Skateboarding is not a crime you say? I’m not quite sure when you found the time to acquire your law degree from DeVry; well between all the skating, and weed smoking, and masturbating to late night TV in your mom’s basement, but skateboarding is a crime when posted (check out the length of that video). F**king stoners!!!!!
If it’s not a crime, someone down at the station really needs to let officer friendly in the video know about it. Wow, did a skateboard molest him as a child maybe? Regardless, keep up the good work officer. Joke Time: What’s the hardest part about being a 25 year old skateboarder? Having to tell your parents your gay. Extreme stupidity, the most extreme of the extreme sports.

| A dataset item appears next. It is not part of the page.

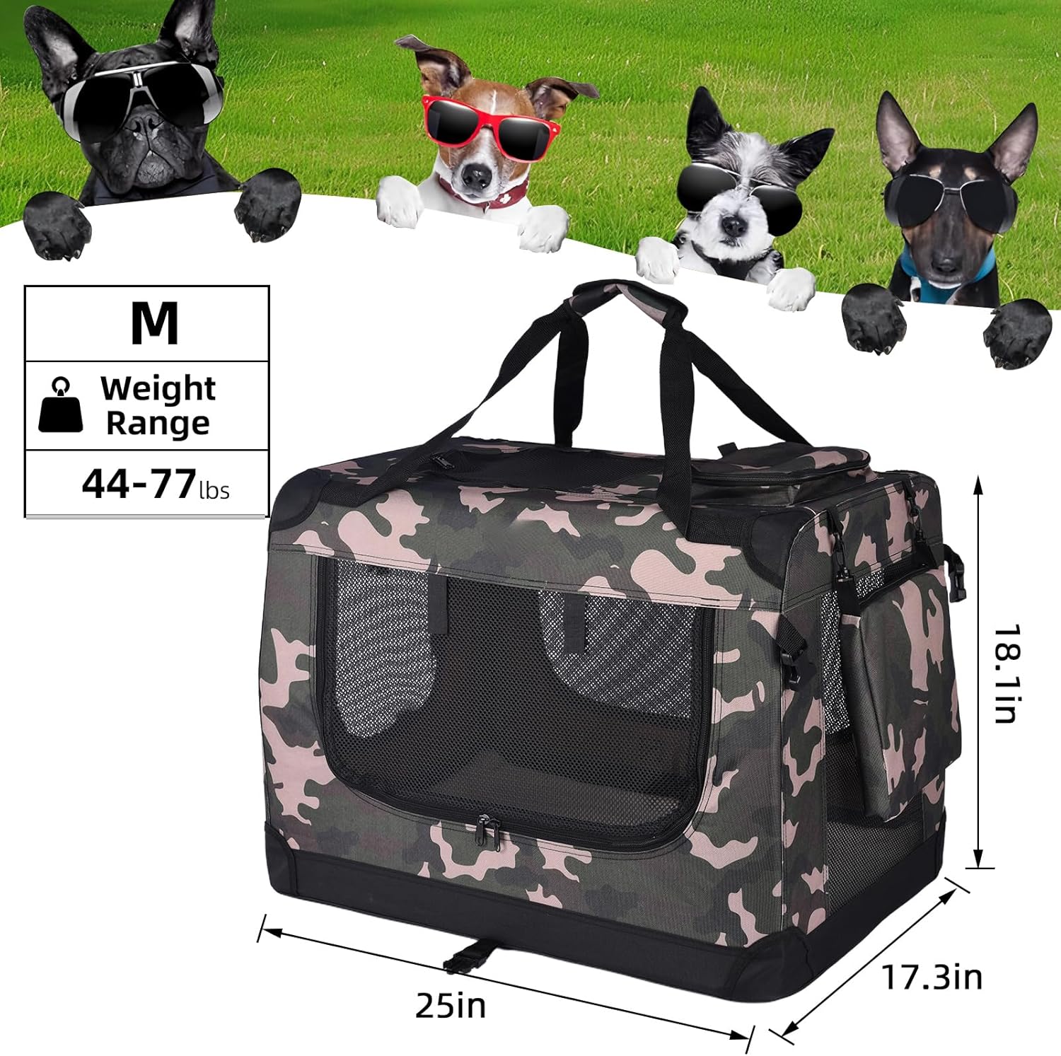 - EASY CLEANING: This travel dog crate is made of high quality PVC waterproof fabric, which is stain resistant and easy to clean, measuring 25×17.3×18.1 inches; the dog carrier for medium dogs is ideal for traveling with your dog.

Where in the hell was I? Oh right, our need to die young. Our forefathers (or two fathers in this example) stormed the beaches of Normandy, took control of strategic islands in the south pacific at great human loss, dug trenches to fight and hold off communism, and we, well, uh, invented bungee jumping??? We were created from the seed of the seed that stopped the spread of fascism; and the seed that stopped the spread of communism. We were predestined to have to stand in a huge shadow cast by these giants. Surprisingly enough, extreme hacky-sack didn’t stand a chance.
So, I guess it’s in our genetic makeup to want to save the planet and stop tyranny, but we got stuck in the 80’s and 90’s. So, to remedy this shortcoming we invented new ways to “save the planet” by fighting Chlorofluorocarbons. Those CFC Bastards! Take that styrofoam coffee cups! We did it! We stopped the evil spread of coffee cups from taking over the planet. Out of Poland with you styrofoam. Now, where’s our f**king parade?
Even better than us inventing psychoses such as being narcissistic enough to think we could actually destroy the planet with little cups, we decided to invent new ways to actually almost kill ourselves. Hey guys, let’s go spelunking down this giant f**king chasm in the side of this frozen mountain! F**king cool man. We’re amazing. But we could die? I know, right!?!?! Take that war hero grandpa!
History is chocked full of crazy people who did things “extreme” and dangerous. Flying a kite in a thunder storm, building a device with wings and jumping off a cliff, strapping themselves into a rocket and luanching into outerspace. These inventors put themselves in mortal danger in the quest to do something great. Correct me if I’m wrong there Chip Johnson (or is it Biff Johnson?), but I can’t think of a damn thing being invented from jumping out of a helicopter in snow skies and onto the top of a double black diamond mountain, besides maybe inventing new ways to create orphans.
This new generation that’s currently fighting the war on terror won’t have much time for such “important” matters as inventing extreme basketball, base jumping, or music television. They’ll only get to protect us, and fight for us, and die for us, while we on the other hand get to invent the new extreme <insert un-extreme event here>. I got it… Extreme Blogging. I’m thinking about only doing extreme blogging from now on. Let me explain. This entire post was written while I had my pants off at work. Well, not completely off, but around the ole ankles. No one noticed since I was at my desk the whole time. Extreme man! Eat your heart out pops.
Or maybe I’ll just climb in a cage full of wild killer animals—such as lions—and show how extremely badass I am. Extremely unlikely. Wait, I mean Xtremely unlikely.